Start of SOURCE MATERIAL
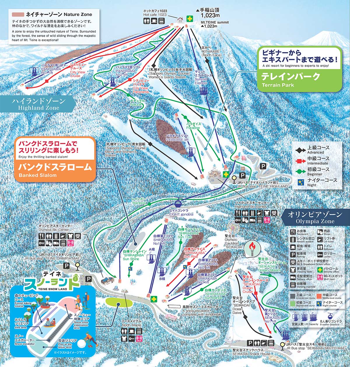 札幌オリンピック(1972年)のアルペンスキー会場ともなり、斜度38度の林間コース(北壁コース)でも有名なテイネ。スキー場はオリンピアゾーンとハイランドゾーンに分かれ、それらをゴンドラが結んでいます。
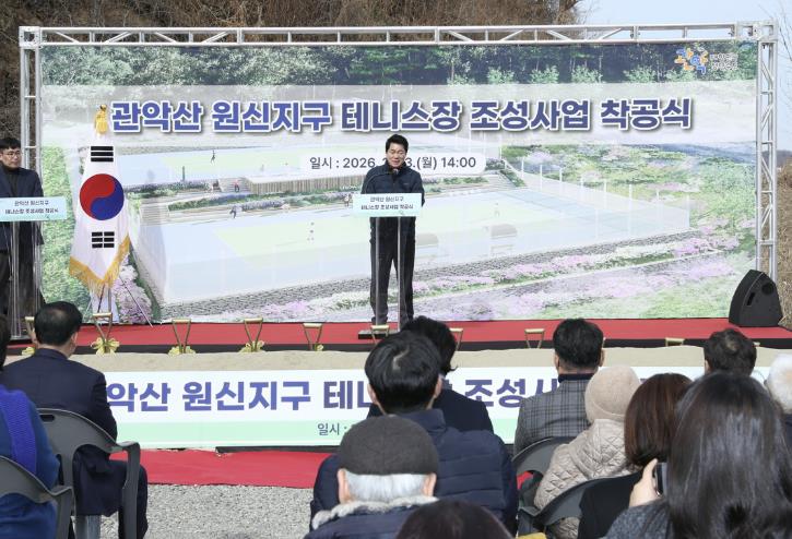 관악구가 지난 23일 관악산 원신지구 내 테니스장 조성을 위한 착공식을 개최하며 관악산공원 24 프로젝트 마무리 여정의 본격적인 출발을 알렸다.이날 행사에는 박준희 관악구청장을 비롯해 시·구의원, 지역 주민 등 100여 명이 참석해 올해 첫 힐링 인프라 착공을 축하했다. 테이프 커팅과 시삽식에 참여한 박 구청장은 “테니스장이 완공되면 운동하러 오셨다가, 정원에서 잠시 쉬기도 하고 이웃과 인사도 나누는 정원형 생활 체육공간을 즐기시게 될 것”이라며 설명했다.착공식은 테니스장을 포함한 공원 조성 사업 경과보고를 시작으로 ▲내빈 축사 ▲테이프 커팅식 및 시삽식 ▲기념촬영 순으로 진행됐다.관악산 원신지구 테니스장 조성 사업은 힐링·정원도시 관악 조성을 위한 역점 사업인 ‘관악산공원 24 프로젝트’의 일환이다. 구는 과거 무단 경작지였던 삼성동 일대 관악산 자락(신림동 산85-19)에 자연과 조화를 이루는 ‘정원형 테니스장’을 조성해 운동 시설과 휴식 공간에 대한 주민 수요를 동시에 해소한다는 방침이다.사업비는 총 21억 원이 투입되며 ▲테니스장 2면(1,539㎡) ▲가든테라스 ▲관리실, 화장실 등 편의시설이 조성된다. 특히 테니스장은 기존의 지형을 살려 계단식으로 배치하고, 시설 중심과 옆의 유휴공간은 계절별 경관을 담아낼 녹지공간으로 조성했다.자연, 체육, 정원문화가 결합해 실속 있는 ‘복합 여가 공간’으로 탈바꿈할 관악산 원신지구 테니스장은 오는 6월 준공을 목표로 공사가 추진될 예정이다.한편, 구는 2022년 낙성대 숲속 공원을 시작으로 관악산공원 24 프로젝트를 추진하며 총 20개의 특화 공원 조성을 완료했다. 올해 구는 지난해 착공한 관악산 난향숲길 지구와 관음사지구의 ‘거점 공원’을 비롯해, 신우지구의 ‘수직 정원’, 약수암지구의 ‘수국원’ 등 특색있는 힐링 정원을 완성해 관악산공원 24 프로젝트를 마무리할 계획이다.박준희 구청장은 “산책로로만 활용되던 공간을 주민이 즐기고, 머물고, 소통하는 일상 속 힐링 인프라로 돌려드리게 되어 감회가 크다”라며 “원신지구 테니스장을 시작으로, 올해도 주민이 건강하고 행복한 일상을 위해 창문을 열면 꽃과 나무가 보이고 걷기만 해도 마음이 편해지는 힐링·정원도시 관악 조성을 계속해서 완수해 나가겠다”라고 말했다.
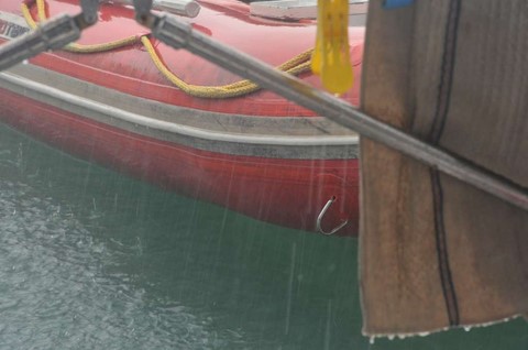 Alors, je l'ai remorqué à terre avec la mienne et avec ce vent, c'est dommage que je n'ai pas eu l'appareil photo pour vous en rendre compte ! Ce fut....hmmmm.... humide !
End of SOURCE MATERIAL
WHAT THE TASK REQUIRES | Reproduce the data verbatim. Do not carry any picture into the copy.

EXERCISE OUTPUT |
 札幌オリンピック(1972年)のアルペンスキー会場ともなり、斜度38度の林間コース(北壁コース)でも有名なテイネ。スキー場はオリンピアゾーンとハイランドゾーンに分かれ、それらをゴンドラが結んでいます。
 관악구가 지난 23일 관악산 원신지구 내 테니스장 조성을 위한 착공식을 개최하며 관악산공원 24 프로젝트 마무리 여정의 본격적인 출발을 알렸다.이날 행사에는 박준희 관악구청장을 비롯해 시·구의원, 지역 주민 등 100여 명이 참석해 올해 첫 힐링 인프라 착공을 축하했다. 테이프 커팅과 시삽식에 참여한 박 구청장은 “테니스장이 완공되면 운동하러 오셨다가, 정원에서 잠시 쉬기도 하고 이웃과 인사도 나누는 정원형 생활 체육공간을 즐기시게 될 것”이라며 설명했다.착공식은 테니스장을 포함한 공원 조성 사업 경과보고를 시작으로 ▲내빈 축사 ▲테이프 커팅식 및 시삽식 ▲기념촬영 순으로 진행됐다.관악산 원신지구 테니스장 조성 사업은 힐링·정원도시 관악 조성을 위한 역점 사업인 ‘관악산공원 24 프로젝트’의 일환이다. 구는 과거 무단 경작지였던 삼성동 일대 관악산 자락(신림동 산85-19)에 자연과 조화를 이루는 ‘정원형 테니스장’을 조성해 운동 시설과 휴식 공간에 대한 주민 수요를 동시에 해소한다는 방침이다.사업비는 총 21억 원이 투입되며 ▲테니스장 2면(1,539㎡) ▲가든테라스 ▲관리실, 화장실 등 편의시설이 조성된다. 특히 테니스장은 기존의 지형을 살려 계단식으로 배치하고, 시설 중심과 옆의 유휴공간은 계절별 경관을 담아낼 녹지공간으로 조성했다.자연, 체육, 정원문화가 결합해 실속 있는 ‘복합 여가 공간’으로 탈바꿈할 관악산 원신지구 테니스장은 오는 6월 준공을 목표로 공사가 추진될 예정이다.한편, 구는 2022년 낙성대 숲속 공원을 시작으로 관악산공원 24 프로젝트를 추진하며 총 20개의 특화 공원 조성을 완료했다. 올해 구는 지난해 착공한 관악산 난향숲길 지구와 관음사지구의 ‘거점 공원’을 비롯해, 신우지구의 ‘수직 정원’, 약수암지구의 ‘수국원’ 등 특색있는 힐링 정원을 완성해 관악산공원 24 프로젝트를 마무리할 계획이다.박준희 구청장은 “산책로로만 활용되던 공간을 주민이 즐기고, 머물고, 소통하는 일상 속 힐링 인프라로 돌려드리게 되어 감회가 크다”라며 “원신지구 테니스장을 시작으로, 올해도 주민이 건강하고 행복한 일상을 위해 창문을 열면 꽃과 나무가 보이고 걷기만 해도 마음이 편해지는 힐링·정원도시 관악 조성을 계속해서 완수해 나가겠다”라고 말했다.
 Alors, je l'ai remorqué à terre avec la mienne et avec ce vent, c'est dommage que je n'ai pas eu l'appareil photo pour vous en rendre compte ! Ce fut....hmmmm.... humide !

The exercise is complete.